The dominant direction, the dominant color and the ambient color are then stored in 3 RGBA8. Dominant need to used the classic * 0.5 + 0.5 cause it is [-1..1]. The color can be store in any RGBM format.
But a good way to encode color in replacement of RGBM is to divided by 4 (or any range your game require) and encode in sRGB or similar, this produce less instruction. As an optimization, you can pack the DominantDir in the two alpha channel resulting in using only 2 buffers instead of 3.

OutColor0 = saturate(float4(DominantDir, 0.0) * 0.5 + 0.5);
OutColor1 = saturate(float4(sqrt(DominantColor / 4.0), 0.0));  
OutColor2 = saturate(float4(sqrt(AmbientColor  / 4.0), 0.0));

For the AmbientColor case, I tried another way to get it than the code above which I prefer because I found it to match better the reference. Here is the replacement I made:

// with the remaining light, fit an ambient light
float3 AmbientColor;
AmbientColor.r = SHLightr.x * 0.282095 * PI;
AmbientColor.g = SHLightg.x * 0.282095 * PI;
AmbientColor.b = SHLightb.x * 0.282095 * PI;

In the main pass, code is simple:

float3 DominantDir     = tex2D(DNESHBufferR, ScreenUV) * 2.0 - 1.0;
float3 DominantColor   = tex2D(DNESHBufferG, ScreenUV);
DominantColor          = DominantColor * DominantColor * 4.0;
float3 AmbientColor    = tex2D(DNESHBufferB, ScreenUV);
AmbientColor           = AmbientColor * AmbientColor * 4.0;
float3 SHColor         = saturate(dot(WorldNormal, DominantDir)) * DominantColor + AmbientColor;


The result is rather good but has some minor artifact. The boundary of green and yellowish light are more pronounced, the stair on the right lose its purple color on the side of the step in favor of white and the stair on the left is a little more bright and have less blue on the side of the step.
The ambient color helped to get the blue color on the side of the step of the left stair, but it was not sufficient for the right stair.

Dominant light + ambient method from PPS

In Appendix 5 of [11] Peter Pike Sloan provides a formula to get the dominant and ambient color directly from SH coefficient.
The document says that the lighting vectors are all turned into irradiance environment maps through convolving with the normalized clamped cosine kernel.

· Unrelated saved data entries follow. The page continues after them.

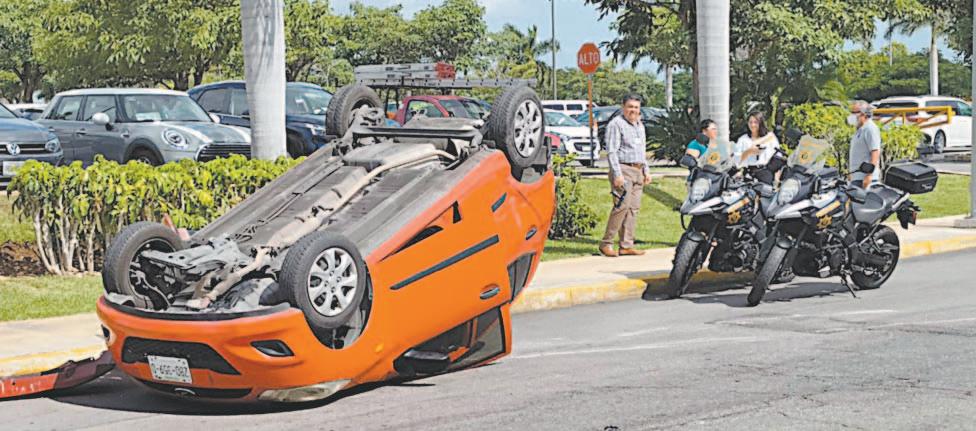 Una persona que salía del estacionamiento de un centro comercial en el Norte ocasionó un percance vial en el que otro automóvil quedó volcado, ayer por la mañana.
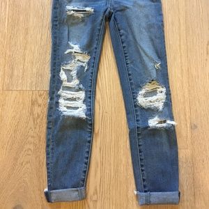 ripped skinny jeans light-medium wash high waisted
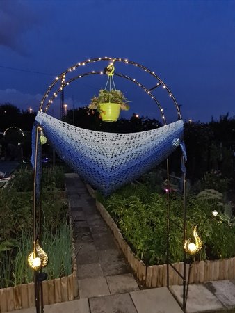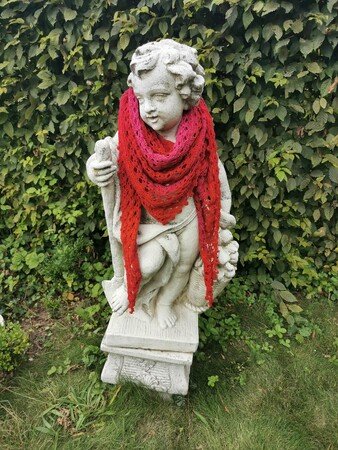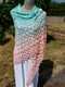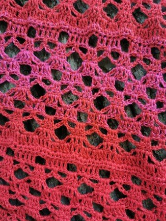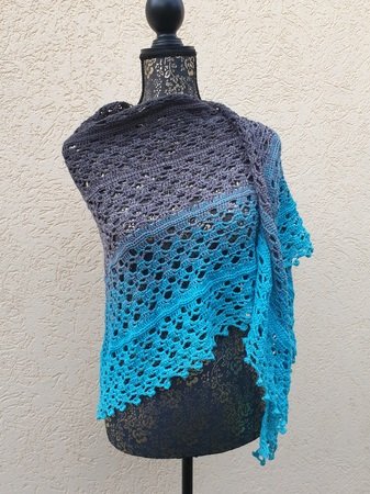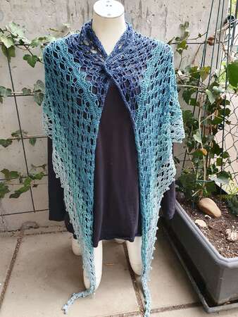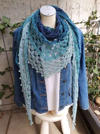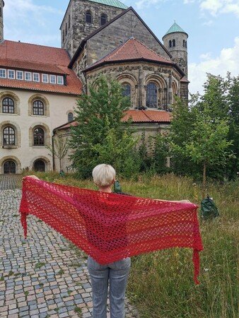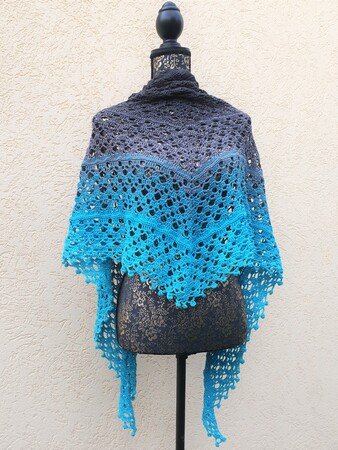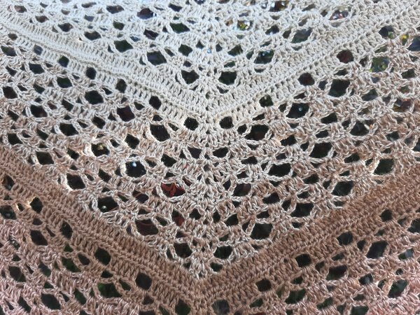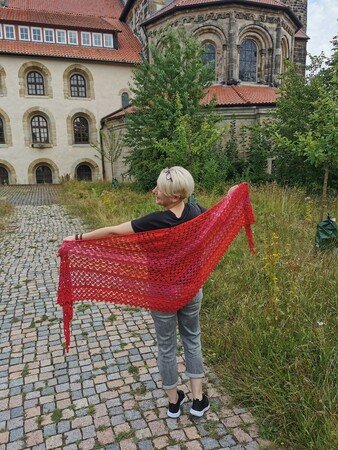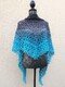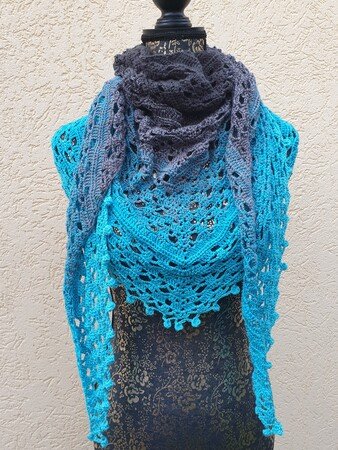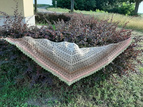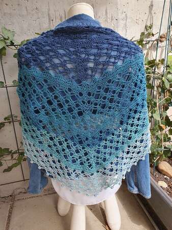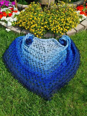 Das Tuch kann in beliebiger Größe gearbeitet werden. Das Tuch auf dem Titelbild wurde mit 860 m 3-fädigem Farbverlaufsgarn locker mit Nadelstärke 3,5 gehäkelt und hat eine Größe von 208 x 63 cm.
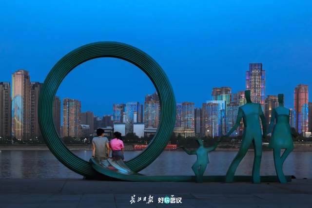 2020年5月3日,汉口江滩,一对年轻人坐在“一家人“雕塑上,望着对岸鳞次栉比的高楼和璀璨瑰丽的灯火,憧憬着未来。
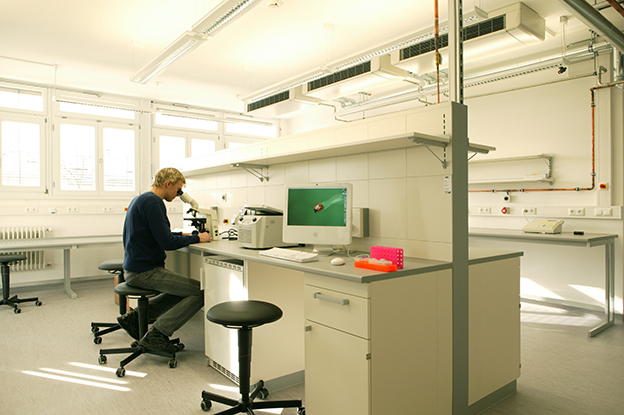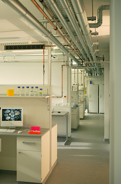 Alle Nutzungsbereiche beherbergen nun Laborräume, Zellkultur, Bakterien- und Mikroskopierraum, Chemikalienlager, Dunkelkammer, Waschküche, Büros und einen Aufenthalts- und Schulungsraum. Auch sämtliche technisch notwendigen Medien wie Gase, Wasser, Vakuum, Lüftung und Kühlung wurden vorgesehen. Laborabzüge wurden eingebaut. Die Leitungen sind offen in Trassen und Kabelkanälen installiert. Dadurch entstand ein hoch flexibles und nachrüstbares System, welches den verschiedensten Anforderung der Forscher gerecht wird, auch in Zukunft.
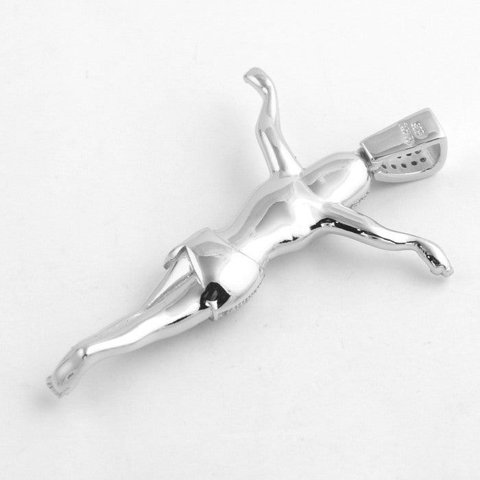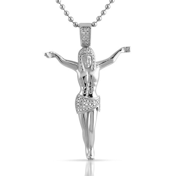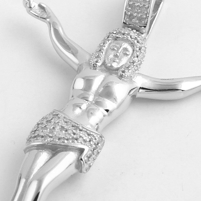 0.45 CTW Genuine Diamond Silver Jesus Crucifix
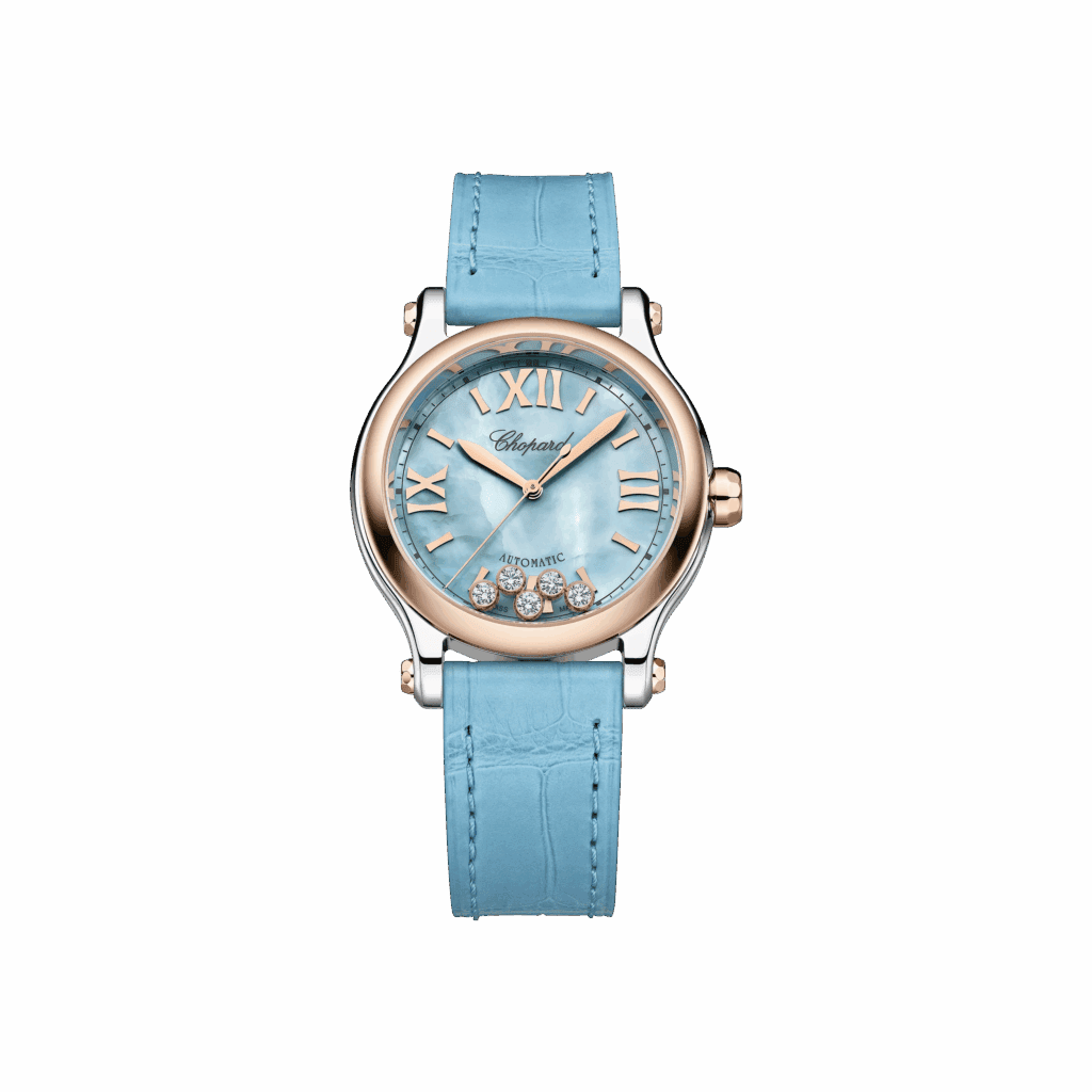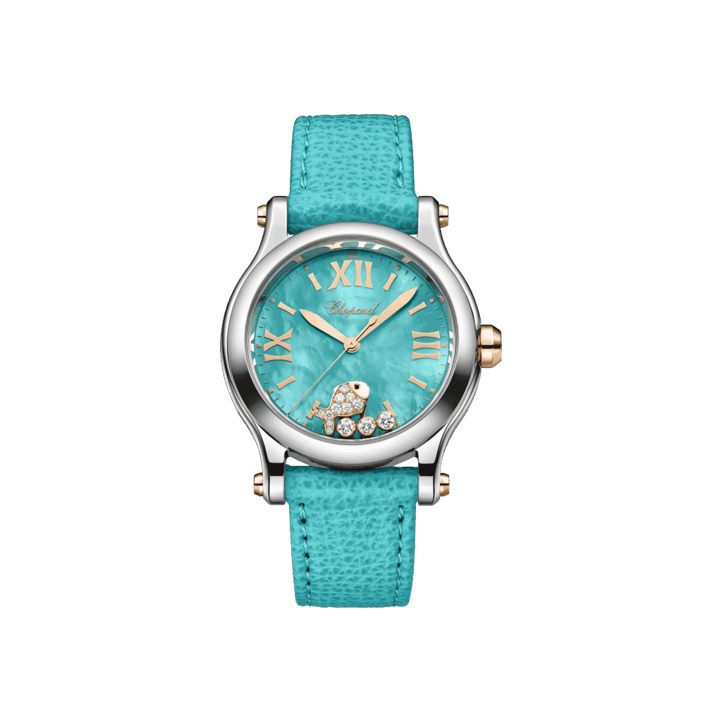 بين الأسماء التي برعت في دمج الفخامة بالمرح، تبرز دار شوبارد، وتحديدًا عبر مجموعتها الأيقونية Happy Sport. هذه الساعات ليست فقط مجوهرات فاخرة، بل قطعًا تنبض بالحياة، بفضل الماسات المتحركة داخل المينا، والألوان الصيفية المنعشة التي تتراوح بين الأزرق السماوي والوردي الباستيلي.

//convolving with the normalized clamped cosine kernel
SHLightr.x   *= PI;
SHLightg.x   *= PI;
SHLightb.x   *= PI;
SHLightr.yzw *= 2.0 * PI / 3.0;
SHLightg.yzw *= 2.0 * PI / 3.0;
SHLightb.yzw *= 2.0 * PI / 3.0;
// Not include the V0 term intentionaly
float3 DominantColor;
DominantColor.r = (867.0 / (316.0 * PI)) * (dot(SHLightr.yzw, SHDominant.yzw));
DominantColor.g = (867.0 / (316.0 * PI)) * (dot(SHLightg.yzw, SHDominant.yzw));
DominantColor.b = (867.0 / (316.0 * PI)) * (dot(SHLightb.yzw, SHDominant.yzw));
DominantColor   = max(DominantColor, 0.0); // DominantColor can be negative after calculation, so max it.
float3 AmbientColor;
AmbientColor.r = (SHLightr.x - DominantColor.r * (8.0 * sqrt(DNE_PI) / 17.0)) * (sqrt(DNE_PI) / 2.0);
AmbientColor.g = (SHLightg.x - DominantColor.g * (8.0 * sqrt(DNE_PI) / 17.0)) * (sqrt(DNE_PI) / 2.0);
AmbientColor.b = (SHLightb.x - DominantColor.b * (8.0 * sqrt(DNE_PI) / 17.0)) * (sqrt(DNE_PI) / 2.0);
OutColor0 = float4(DominantDir, 0.0);
OutColor1 = float4(DominantColor,, 0.0);
OutColor2 = float4(max(AmbientColor, 0.0), 0.0); // Ambient color can become negative...

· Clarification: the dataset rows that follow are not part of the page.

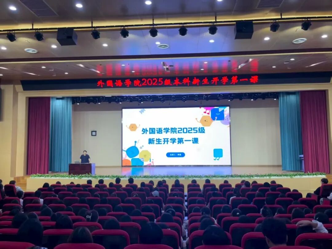 为帮助新生适应大学环境、明确发展方向,9月8日,外国语学院于文渊楼报告厅举办2025级本科新生开学第一课。本次会议由新生辅导员李荔、郝梦瑶共同主持,外国语学院2025级全体本科新生参与。
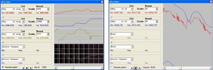 The program has a magnetic compensation option. Providing a coefficient file for magnetic compensation has to be already prepared. (coefficient file can be created with PEIComp program) After magnetic compensation is applied to magnetometer data a compensated file is created. It contains all channels from the source file and newly created compensated data channels. This file can be viewed with PEIView program; raw and compensated magnetometer data graphs can be compared.
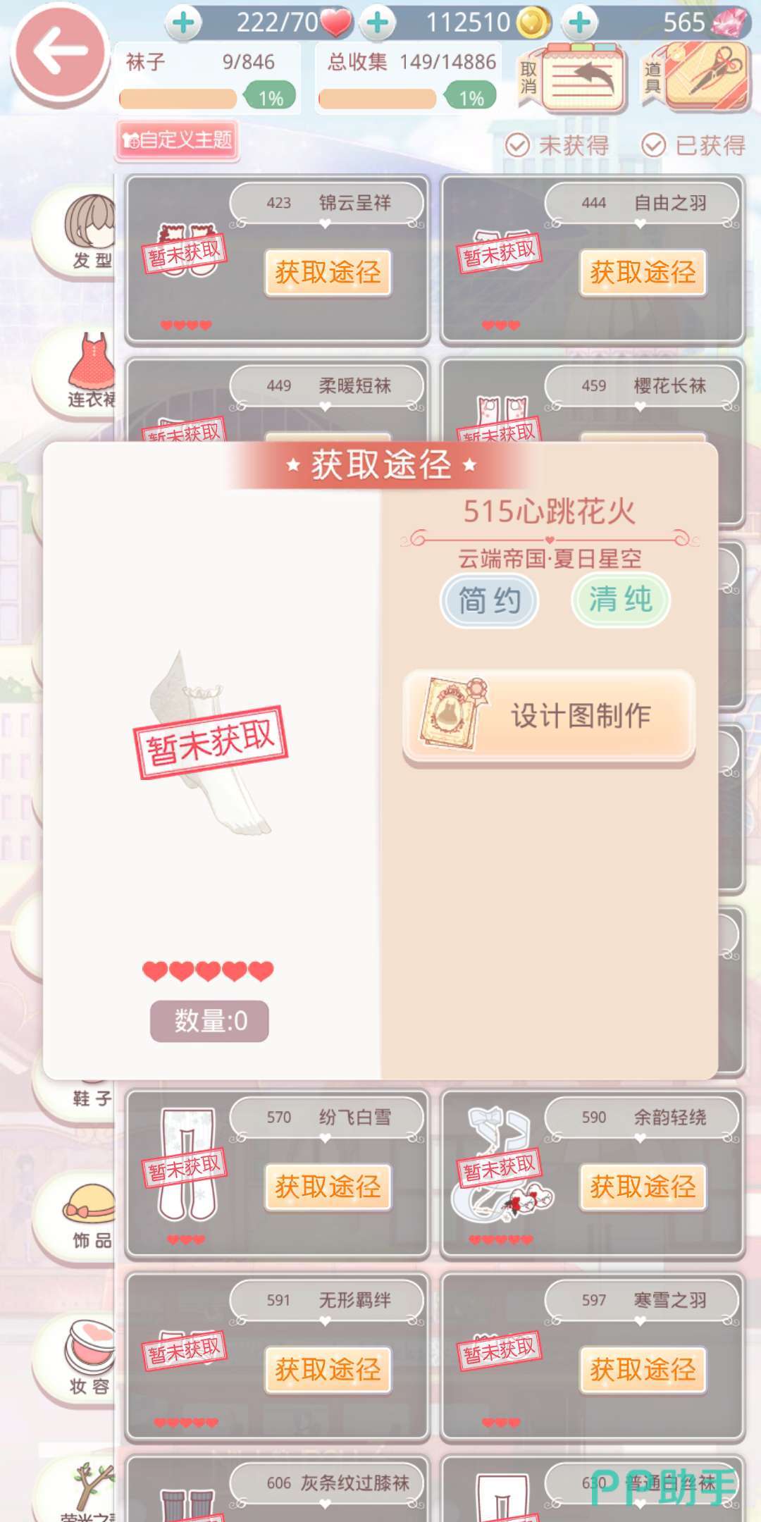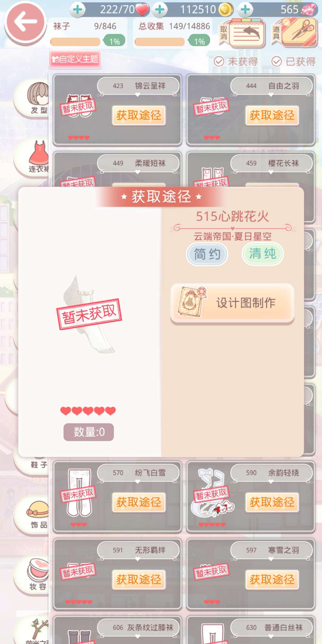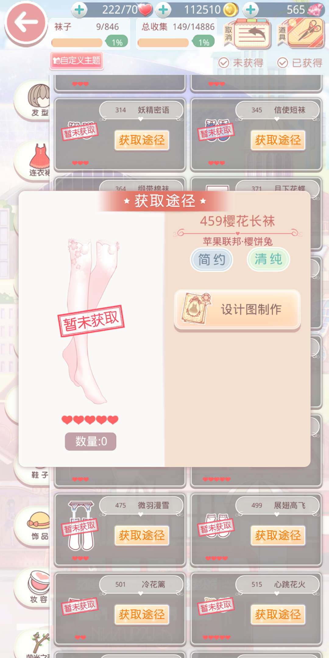 樱花长袜是五星的简约&清纯袜子,前面推荐的都是优雅清纯的服饰,需要别的风格来增加一下分数的加成。这双袜子需要通过设计图制作获得,制作需要1件樱绽春至,3件百花盛开以及9件复古心情。
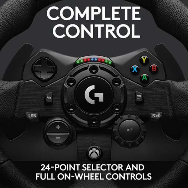 فرمان بازی لاجیتک G923 ویژه کنسول XBOX ONE تمام دکمههای کنسول مورد استفاده شما را روی خود دارد و برای استفاده از آن نیازی به کنترلر مجزا ندارید. شما میتوانید هنگام بازی، به سرعت به تنظیمات بازی دسترسی داشته باشیدو با استفاده از خود فرمان، تنظیمات بازی را تغییر دهید. این فرمان دارای یک دیال ۲۴ نقطهای است که با آن میتوانید اصطکاک، گشتاور، نیروی ترمز و غیره را تغییر دهید. استفاده از این تنظیمات به بازی شما بستگی دارد و همه بازیها از این تنظیمات پشتیبانی نمیکنند.
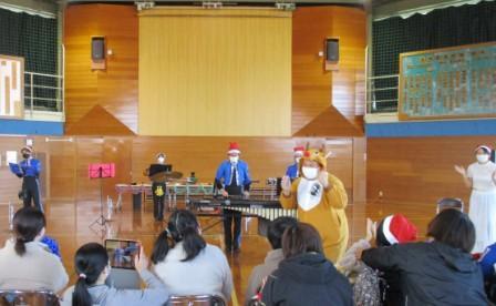 12月5日(火)に音楽の授業でスクールコンサートを行いました。マーチングバンド「FIRE STATE Brass & Percussion Corps」のみなさんに、素晴らしい演奏と楽しいパフォーマンスを披露していただきました。子どもたちは楽しそうに笑顔になったり、一緒に体を揺らしたりして音楽を感じていました。演奏の後はマーチングバンドのみなさんに楽器を紹介してもらい、実際に音を鳴らす体験もすることができました。子どもたちにとって心に残るとても楽しい時間になりました。

Convolving with the normalized clamped cosine kernel mean scaling SH by band factor PI for DC term and 2PI/3 for linear term. In this case, I don’t know if this scale factor should be divide by PI or not  (Dividing by PI will allow to convert irradiance to radiance, but I am not sure of term definition for this case and hope to learn it one day), so I test the two cases.

Without dividing band factor by PI:

With dividing band factor by PI:
In either case the result is bad. By dividing by PI we get too low intensity, without dividing, too high. And you can see the ambient color on the side of the stairs which are wrong. I wondering if I am doing something wrong or if this is the result expected.

Dominant only method

Is the ambient color really needed ? I wanted to test this case. So I test again the Dominant + Ambient color method (not the PSS method) but without the ambient color. This requires only two RGBA8bit buffer.

The result is OK. We have almost the same result as with ambient color but we lose the blue on the step of the left stair.
The problem here is that we extract the dominant light from the light environment of a pixel. This dominant light can be in an opposite direction of the pixel normal resulting in a zero diffuse lighting (the N.L), whereas if the diffuse lighting was extract from SH coefficient, it will result in a color. Ideally, we would like to get the dominant light from the hemisphere environment light on the side of the normal at the pixel. As we don’t have normal (and won’t have it) we can’t do this…

Added note:
The method to get hemisphere environment light is similar to the approximation of lights use in God of war 3 [6] which use the vertex normal to discard occluded light.

Another method of packing light environment in a pixel could be to apply what god of war 3 do in [6] to each pixel, and save world position, direction and color of the average light. I can see two problem here. World position would be almost impossible to compress and god of war method require normal at vertex to remove back face lighting. straight SH seems a better solution.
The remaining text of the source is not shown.